Sat Dec 1 15:08:29 GMT 2012

On 01/12/12 14:54, Gene Czarcinski wrote:
> On 11/30/2012 05:23 PM, Gene Czarcinski wrote:
>> On 11/30/2012 04:18 PM, Simon Kelley wrote:
>>> On 30/11/12 21:03, Gene Czarcinski wrote:
>>>> On 11/30/2012 12:45 PM, Simon Kelley wrote:
>>>>> On 30/11/12 17:20, Gene Czarcinski wrote:
>>>>>> On 11/30/2012 11:32 AM, Simon Kelley wrote:
>>>>>>> On 30/11/12 15:54, Gene Czarcinski wrote:
>>>>>>>> On 11/29/2012 04:18 PM, Simon Kelley wrote:
>>>>>>>>> On 29/11/12 20:31, Gene Czarcinski wrote:
>>>>>>>>>
>>>>>>>>>> I spoke too quickly.
>>>>>>>>>>
>>>>>>>>>> The cause of the problem is libvirt related but I am not sure
>>>>>>>>>> what
>>>>>>>>>> just
>>>>>>>>>> yet.
>>>>>>>>>>
>>>>>>>>>> I was running a libvirt that had a lot of "stuff" on it but
>>>>>>>>>> seemed to
>>>>>>>>>> work OK. Then, earlier today I update to a point that appears
>>>>>>>>>> to be
>>>>>>>>>> somewhat beyond the leading edge and, although I was not
>>>>>>>>>> getting any
>>>>>>>>>> RTR-ADVERT messages, it turned out that there were/are big-time
>>>>>>>>>> problems
>>>>>>>>>> running qemu-kvm. So, back off/downgrade to the previous version.
>>>>>>>>>> Qemu-kvm now works but the RTR-ADVERT messages are back.
>>>>>>>>>>
>>>>>>>>>> This may be a bit time-consuming to debug!
>>>>>>>>>>
>>>>>>>>> Are you seeing the new log message in netlink.c?
>>>>>>>>>
>>>>>>>>>
>>>>>>>> The good news is that libvirt is working again (I must have done a
>>>>>>>> git-pull in the middle of an update).  Thus, I am not seeing the
>>>>>>>> large
>>>>>>>> numbers of RTR-ADVERT.
>>>>>>>>
>>>>>>>> Yes, I am seeing the new log message and I have a question about
>>>>>>>> that.
>>>>>>>> Every time a new virtual network interface is started, something
>>>>>>>> must be
>>>>>>>> doing some type of broadcast because all of the dnsmasq
>>>>>>>> instances (the
>>>>>>>> new one and all the "old" ones) suddenly wake up and issue a
>>>>>>>> flurry of
>>>>>>>> RA packets and related syslog messages.  To kick the flurry off,
>>>>>>>> there
>>>>>>>> one of the new "unsolicited" syslog messages from each dnsmasq
>>>>>>>> instance.
>>>>>>>>
>>>>>>>> Is this something you would expect?  Is this "normal?" The libvirt
>>>>>>>> folks they are not doing it.
>>>>>>> I'd expect it.
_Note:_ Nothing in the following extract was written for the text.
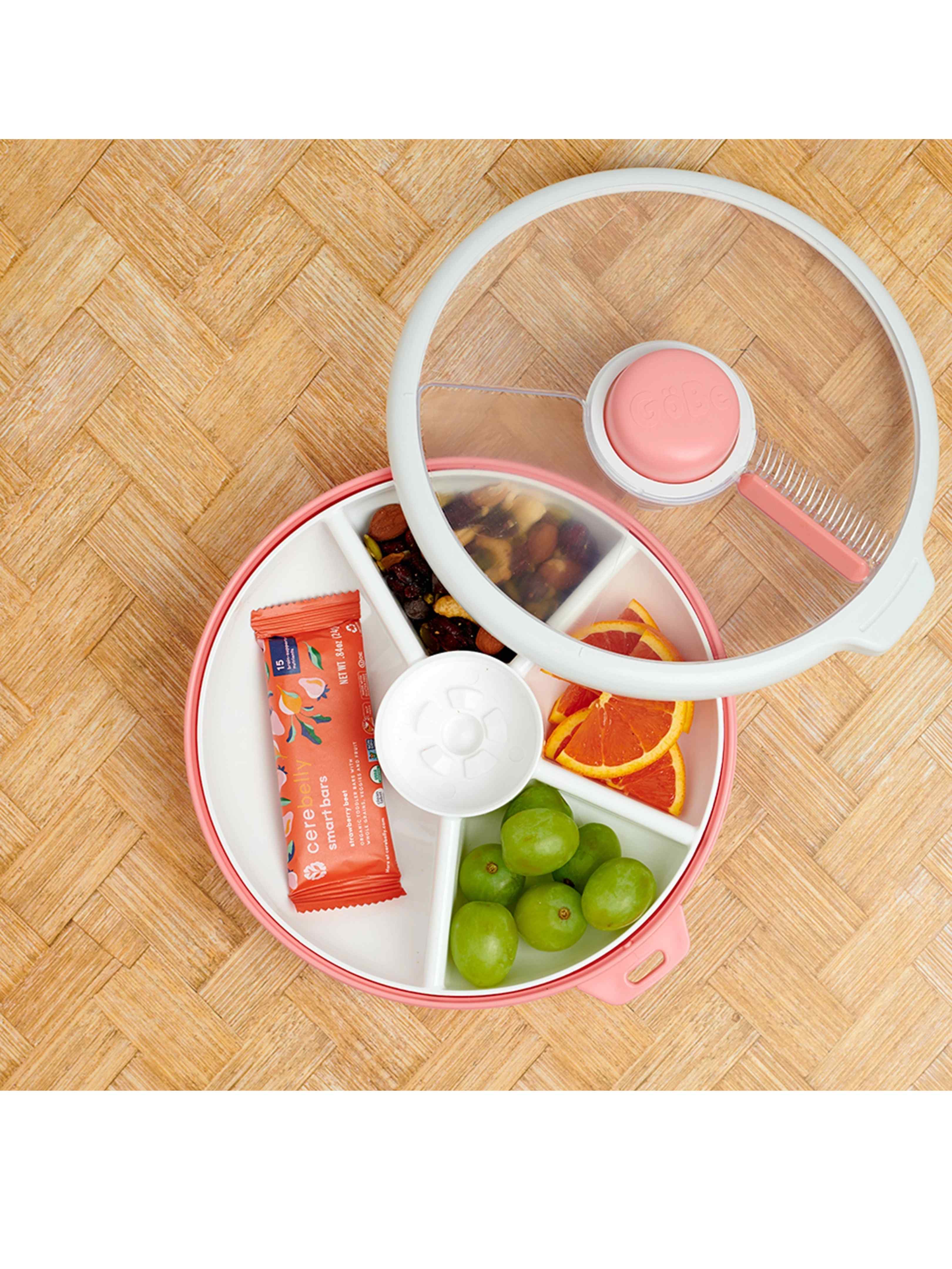 The GoBe Small Snack Spinner Flip is the only spill resistant snack container that allows your child to choose between five different snacks at once! With the push of a button, your child can jump from snack-to-snack, all while reducing spills and mess! More snacking variety for them, less mess for you.  Perfect gift for all occasions including Easter, Christmas, birthday parties and many more.  Great for travel and airplanes.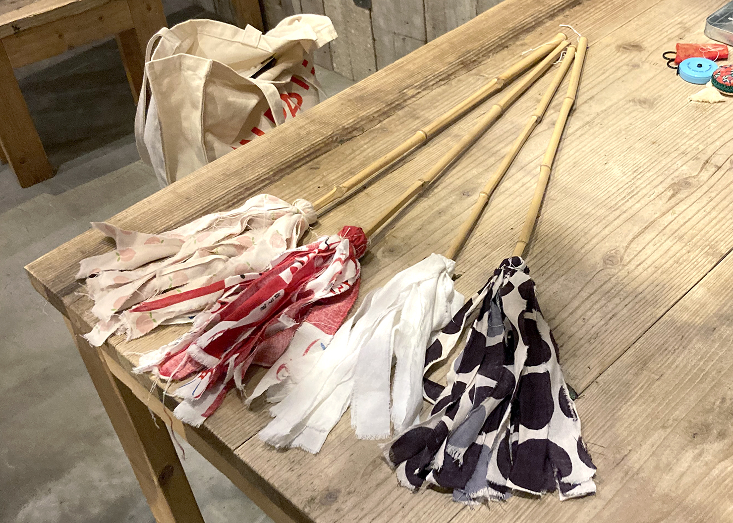 きぬ子さん指導のもと素敵なはたきが出来上がりました。

The code you instrumented gets run whenever a "new
>>>>>>> address" event happens, which is whenever an address is added to an
>>>>>>> interface. "Every time a new virtual network interface is
>>>>>>> started" is a
>>>>>>> good proxy for that.
>>>>>>>
>>>>>>> The dnsmasq code isn't very discriminating, it updates it's idea of
>>>>>>> which interfaces hace which addresses, and then does a minute of
>>>>>>> fast
>>>>>>> advertisements on all of them. It might be possible to only do
>>>>>>> the fast
>>>>>>> advertisements on new interfaces, but implementing that isn't
>>>>>>> totally
>>>>>>> trivial.
>>>>>>>
>>>>>>>
>>>>>> Yes, I doubt very much if it would be trivial.  However, I do not
>>>>>> believe that this is the basic problem.
>>>>>>
>>>>>> When the problem occurs, one of the networks "suddenly" attempts
>>>>>> to work
>>>>>> with the real NIC rather than the virtual one defined in its config
>>>>>> file.  I slightly changed the IPv4 and IPv6 addresses defined for
>>>>>> this
>>>>>> network and the problem went away.  I have also "just" seen the
>>>>>> problem
>>>>>> happen on another system which also had that virtual address defined.
>>>>>>
>>>>>> BTW, these configurations all use interface= and bind-dynamic rather
>>>>>> than the "old" bind-interface with listen-address= specified for each
>>>>>> specified IPv4 and IPv6 address.  I had not noticed the problem
>>>>>> previously.  Why it occurs at all with just this specific address is
>>>>>> puzzling.
>>>>>>
>>>>>> The configuration in which causes problems is:
>>>>>> ------------------------------------------
>>>>>> # dnsmasq conf file created by libvirt
>>>>>> strict-order
>>>>>> domain-needed
>>>>>> domain=net6
>>>>>> expand-hosts
>>>>>> local=/net6/
>>>>>> pid-file=/var/run/libvirt/network/net6.pid
>>>>>> bind-dynamic
>>>>>> interface=virbr11
>>>>>> dhcp-range=192.168.6.128,192.168.6.254
>>>>>> dhcp-no-override
>>>>>> dhcp-leasefile=/var/lib/libvirt/dnsmasq/net6.leases
>>>>>> dhcp-lease-max=127
>>>>>> dhcp-hostsfile=/var/lib/libvirt/dnsmasq/net6.hostsfile
>>>>>> addn-hosts=/var/lib/libvirt/dnsmasq/net6.addnhosts
>>>>>> dhcp-range=fd00:beef:10:6::1,ra-only
>>>>>> -------------------------------------------------
>>>>>>
>>>>>> When I changed all the "6" to "160", the problem, disappeared. And
>>>>>> there is another network defined almost the same with "8" instead
>>>>>> of "6"
>>>>>> and I have had no problems with it.
>>>>>>
>>>>>> The real NIC is configured as a DHCP client  for both IPv4 and
>>>>>> IPv6. It
>>>>>> is assigned "nailed" addresses of 192.168.17.2/24 and
>>>>>> fd00:dead:beef:17::2.
>>>>>>
>>>>>> And I just discovered why crazy stuff is happening (but I do not know
>>>>>> what causes it) ... the P33p1 NIC has:
>>>>>>    inet6 fd00:beef:10:6:3285:a9ff:fe8f:e982/64 scope global dynamic
>>>>>
>>>>> Is that the "real NIC"?
>>>>>
>>>> Yes, p33p1 is the real NIC.  This is going to be a real PITA to debug
>>>> because I believe part of the problem is a race condition.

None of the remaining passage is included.